Жена кивнула, набросила шаль и молча ушла.
— У нее знакомства в городской больнице, — пояснил Головенко.
— А гитлеровцы? — забеспокоился я. — Как скрыть от них?
— Что-нибудь придумаем.
Елизавета Григорьевна вернулась примерно через час.
— Идемте, — взволнованно сказала она, — я договорилась с дежурным врачом. Поместят вас в терапевтическом.
Задание
Больница находилась на окраине Лебедина. Окна моей палаты выходили как раз на ту дорогу, по которой пленных возили на лесозаготовки. Сразу за дорогой начинался густой лес. Машинально я отметил про себя, что в случае побега будет нетрудно скрыться.
Спал очень крепко и проснулся, когда начался врачебный обход. Лечащий врач спросил обо мне у сестры Веры Сергеевны.
Она что-то быстро зашептала, а Константин Иванович (так звали лечащего врача) согласно закивал головой.

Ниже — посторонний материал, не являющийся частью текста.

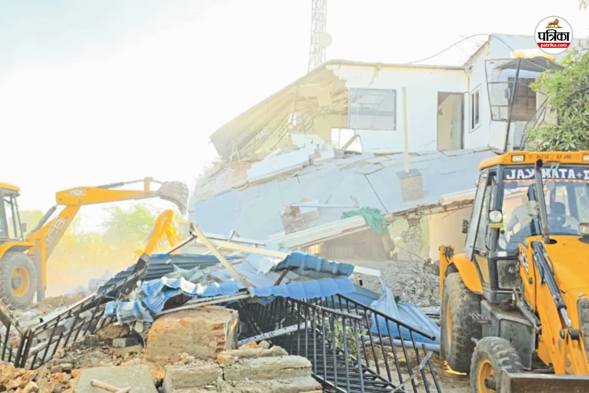 हिस्ट्रीशीटर श्रवण भादवासी की बिल्डिंग पर चला बुलडोजर। फोटो: पत्रिका
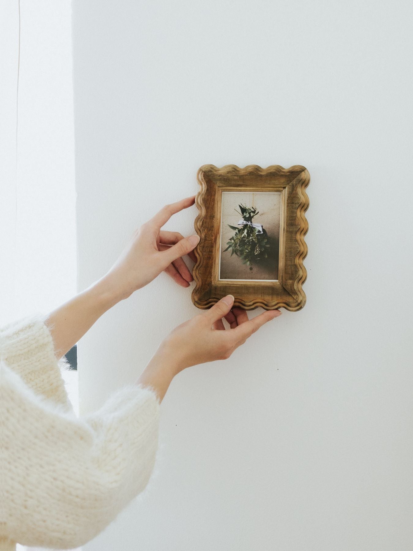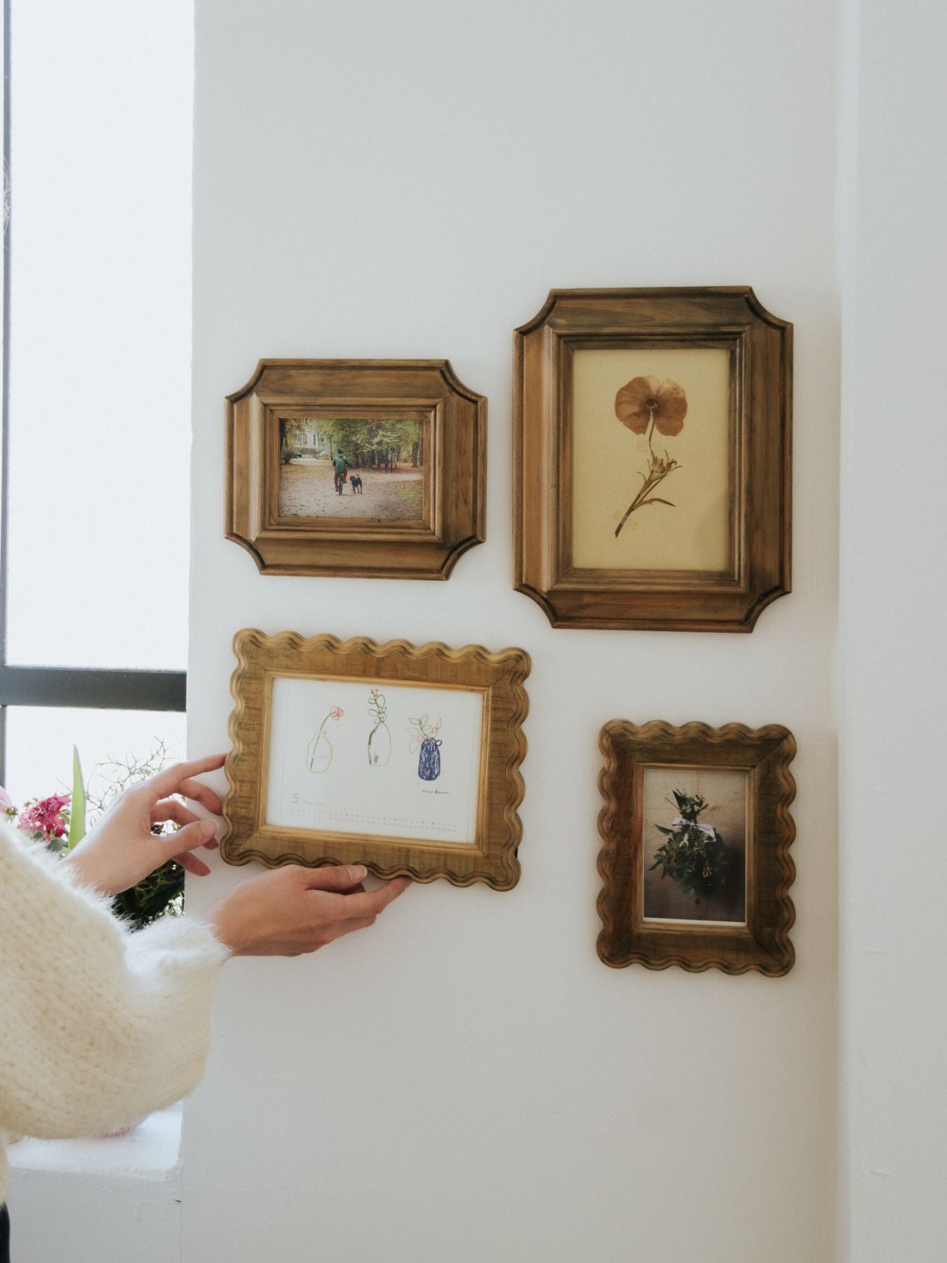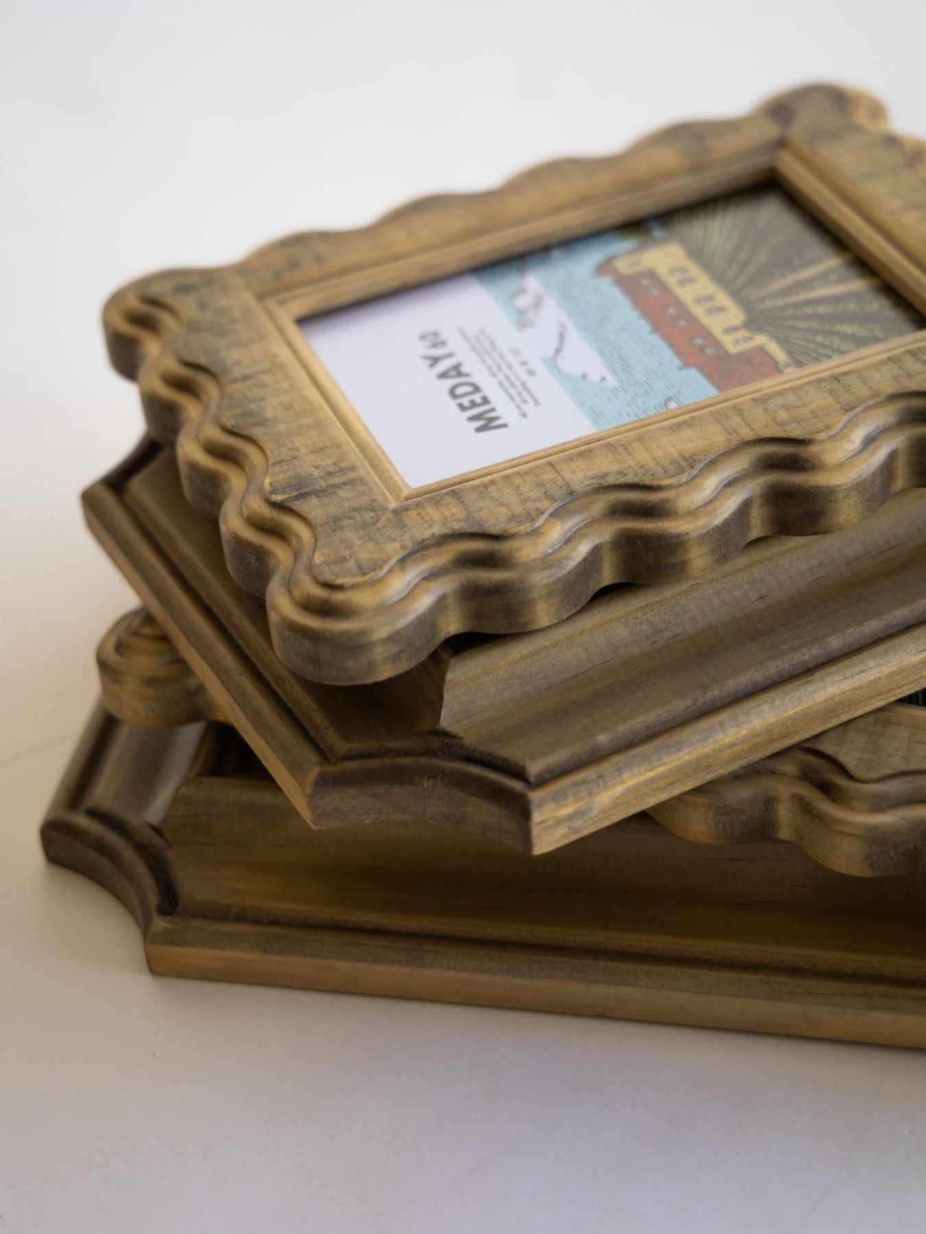 ヴィンテージライクな佇まいがお部屋のアクセントになる、手彫りの天然木フレーム。幅広のフレームに施された、ほどよく存在感のある装飾と、サラリとした表面の質感が魅力です。
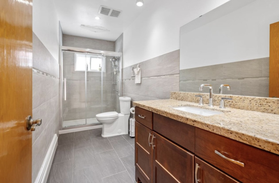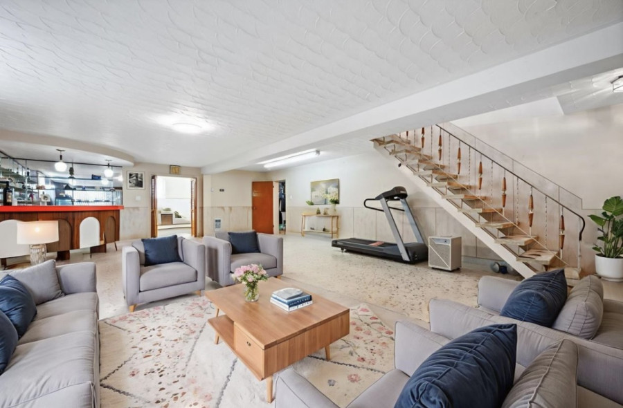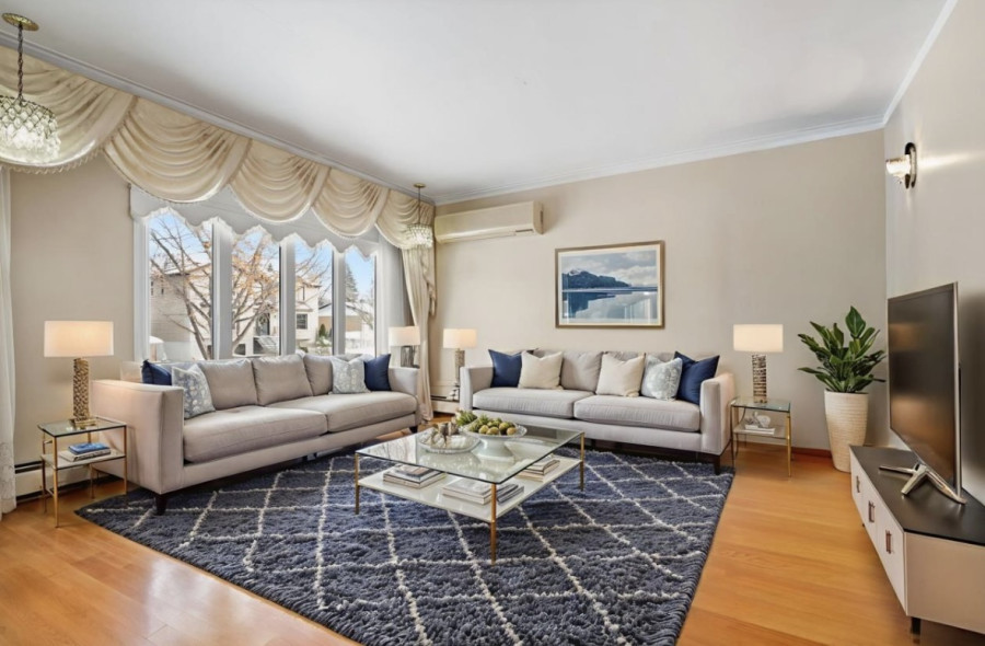 living room with oversized windows, letting in an abundance of natural sunlight, 2 full bathrooms, and a cozy family room with

Доктор тщательно прослушал и осмотрел меня.
Вскоре в палате появилась Елизавета Григорьевна. По тому, как тепло он встретил мою знакомую, нетрудно было догадаться, что они хорошие друзья.
— К сыну пришла, Константин Иванович.
Доктор понимающе улыбнулся.
— Крепкий у вас сын. Перенес на ногах тяжелое воспаление легких. Но теперь уже все в порядке. Через неделю ждите домой.
Врач и сестра ушли.
— Ну вот, — ласково сказала Елизавета Григорьевна. — Все устроилось как нельзя лучше. И с гитлеровцами улажено. Я убедила их, что вы уже не подниметесь.
Прошла неделя. Елизавета Григорьевна навещала меня два раза в день. Приносила еду, сообщала городские новости, рассказывала, что происходит в лагере.
Я заметно окреп, вновь стал думать о побеге. Ломал голову над тем, как связаться с лагерем, чтобы предупредить Ваню.
Поделился своими планами с Головенко.
— Ну что ж, постараюсь связаться с вашим другом, — пообещала Елизавета Григорьевна. — В таком деле нельзя быть одному, — и добавила: — Кстати, и у меня есть для вас попутчик. В Лебедине скрывается Михаил Рощин. Он служил в авиагарнизоне. Хотите его в товарищи?
— Конечно!
— Тогда я познакомлю вас. Как только стемнеет, ждите стука в окошко. Придет еще один человек. Он знает о вас и хочет дать поручение. Большего сказать не могу.